▶ Task item
Only the lines from the beginning of the data through the one with "Раковина Kirovit Оскар" belong in the answer, each retyped exactly, with pictures left out.

▶ Excerpted records
....
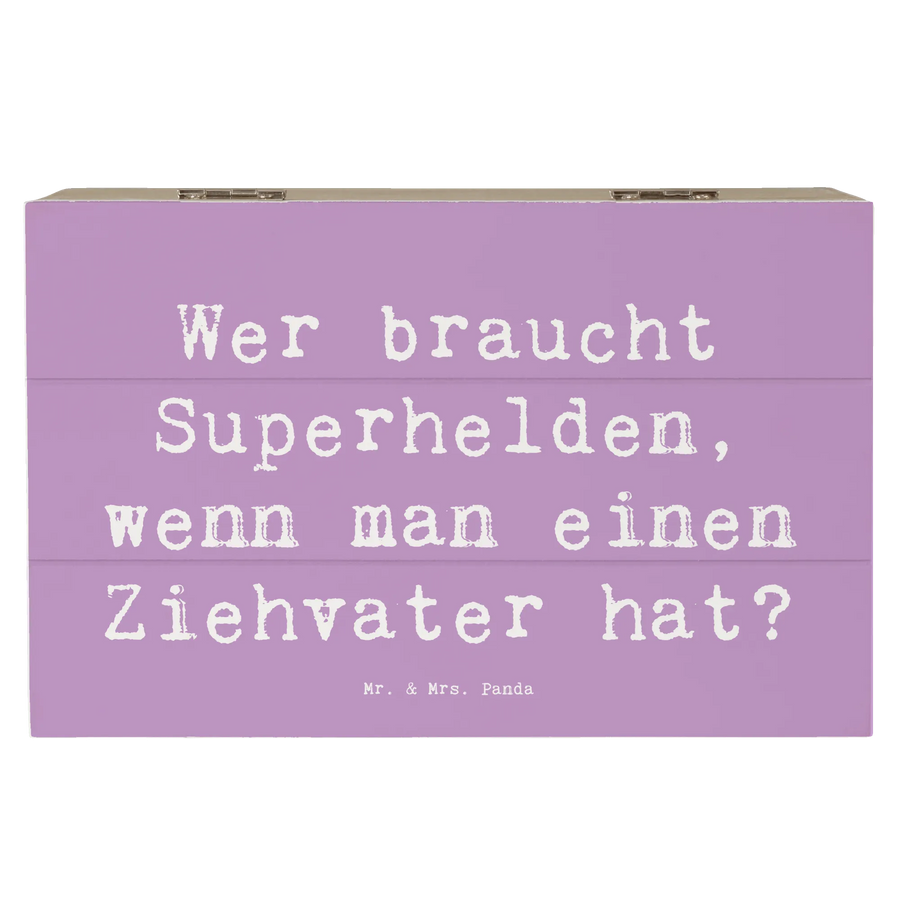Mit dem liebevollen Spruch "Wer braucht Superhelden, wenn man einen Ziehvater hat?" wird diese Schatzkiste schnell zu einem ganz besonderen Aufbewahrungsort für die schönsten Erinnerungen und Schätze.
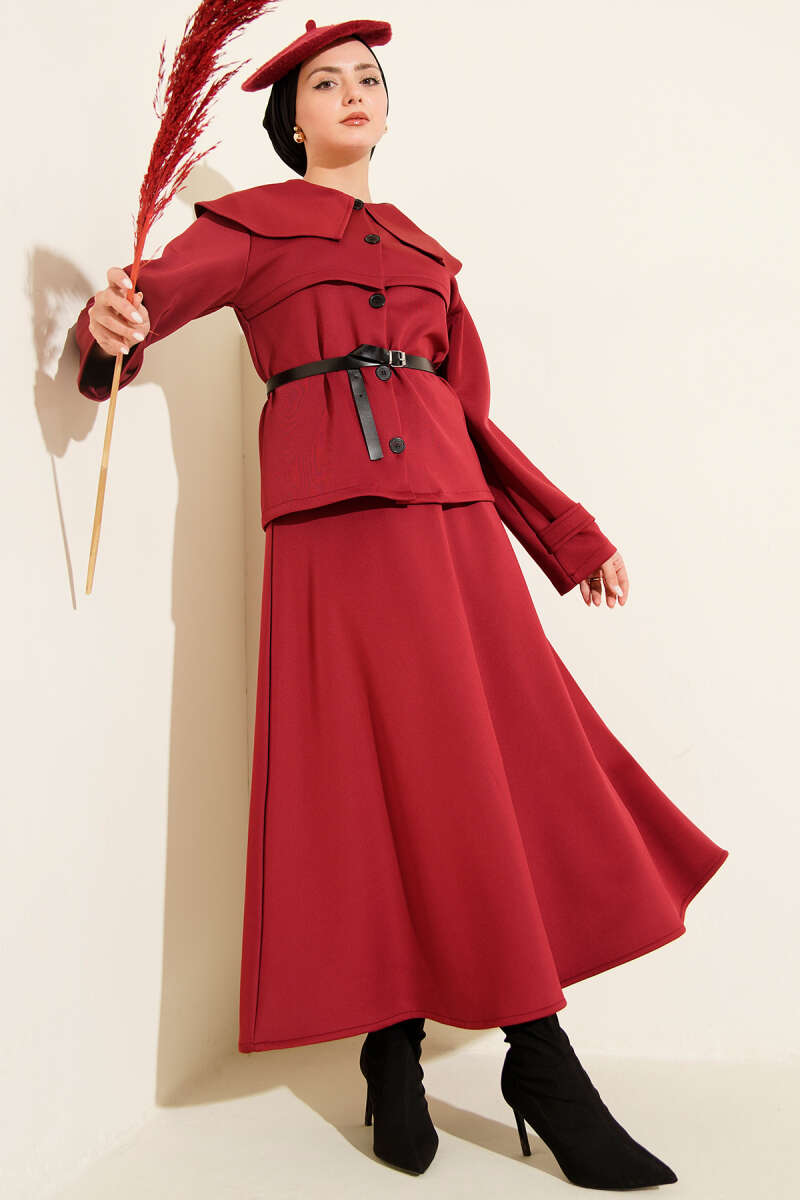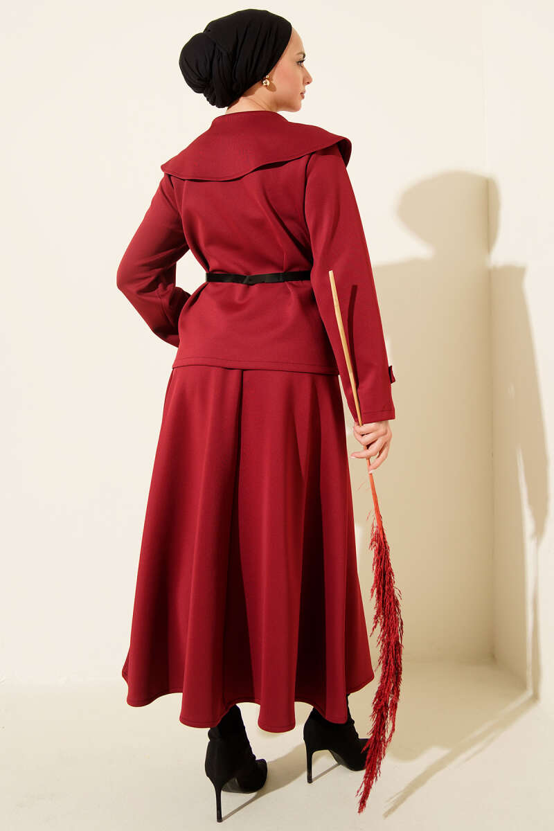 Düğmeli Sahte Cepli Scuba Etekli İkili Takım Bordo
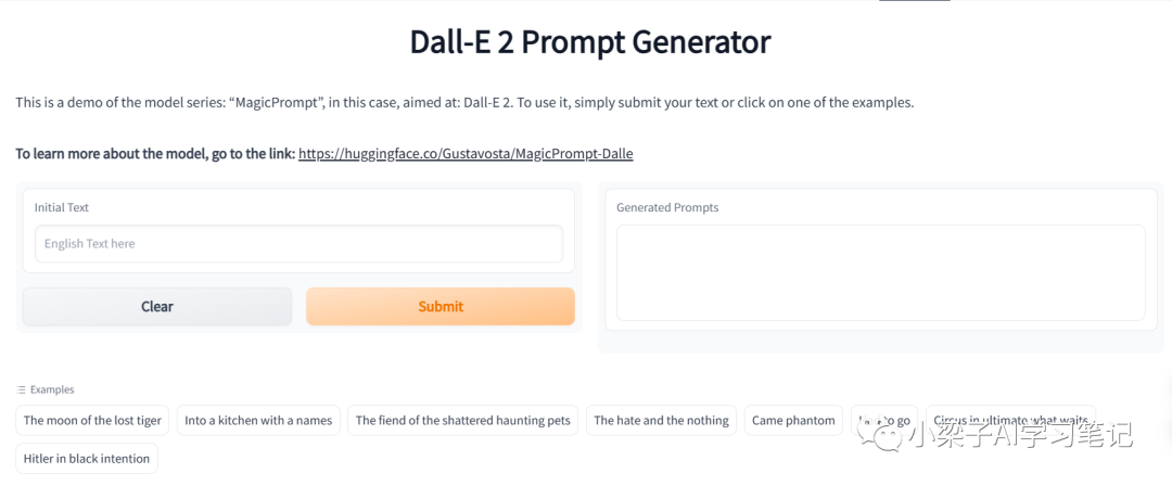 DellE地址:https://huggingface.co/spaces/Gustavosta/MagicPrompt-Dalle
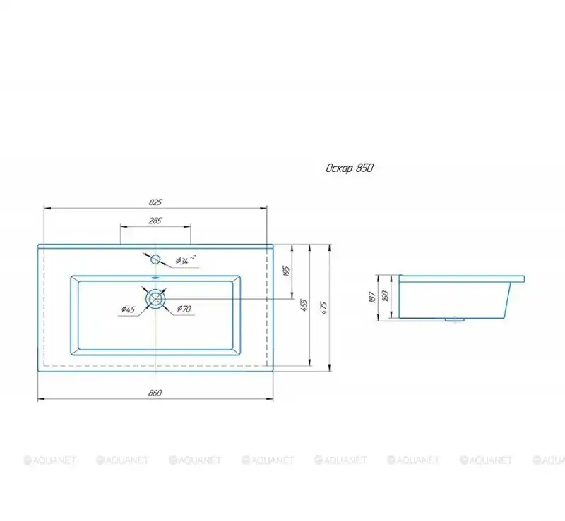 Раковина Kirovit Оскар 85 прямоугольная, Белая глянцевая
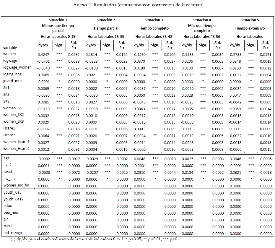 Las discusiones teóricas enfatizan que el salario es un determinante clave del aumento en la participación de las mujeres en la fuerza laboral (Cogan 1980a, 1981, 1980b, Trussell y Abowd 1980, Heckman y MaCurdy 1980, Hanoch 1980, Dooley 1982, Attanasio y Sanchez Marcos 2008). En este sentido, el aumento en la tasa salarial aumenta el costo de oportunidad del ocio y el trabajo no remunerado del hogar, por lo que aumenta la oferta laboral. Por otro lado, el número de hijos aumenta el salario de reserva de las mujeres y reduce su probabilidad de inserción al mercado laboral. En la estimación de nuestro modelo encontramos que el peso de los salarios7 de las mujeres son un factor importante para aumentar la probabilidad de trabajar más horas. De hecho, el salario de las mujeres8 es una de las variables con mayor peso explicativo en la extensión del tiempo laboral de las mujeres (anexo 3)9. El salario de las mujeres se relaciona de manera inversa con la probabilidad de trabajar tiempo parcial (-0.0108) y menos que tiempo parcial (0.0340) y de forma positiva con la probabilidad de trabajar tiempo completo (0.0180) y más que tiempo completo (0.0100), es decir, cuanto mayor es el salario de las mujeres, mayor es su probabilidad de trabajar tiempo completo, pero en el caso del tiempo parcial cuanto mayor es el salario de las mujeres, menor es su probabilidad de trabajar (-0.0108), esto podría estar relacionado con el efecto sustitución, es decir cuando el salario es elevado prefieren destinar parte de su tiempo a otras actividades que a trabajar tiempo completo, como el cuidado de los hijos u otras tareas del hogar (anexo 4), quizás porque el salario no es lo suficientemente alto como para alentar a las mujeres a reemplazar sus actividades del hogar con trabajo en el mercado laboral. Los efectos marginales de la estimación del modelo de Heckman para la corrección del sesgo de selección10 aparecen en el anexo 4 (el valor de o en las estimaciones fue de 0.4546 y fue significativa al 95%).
....
▶ Task answer
Mit dem liebevollen Spruch "Wer braucht Superhelden, wenn man einen Ziehvater hat?" wird diese Schatzkiste schnell zu einem ganz besonderen Aufbewahrungsort für die schönsten Erinnerungen und Schätze.
 Düğmeli Sahte Cepli Scuba Etekli İkili Takım Bordo
 DellE地址:https://huggingface.co/spaces/Gustavosta/MagicPrompt-Dalle
 Раковина Kirovit Оскар 85 прямоугольная, Белая глянцевая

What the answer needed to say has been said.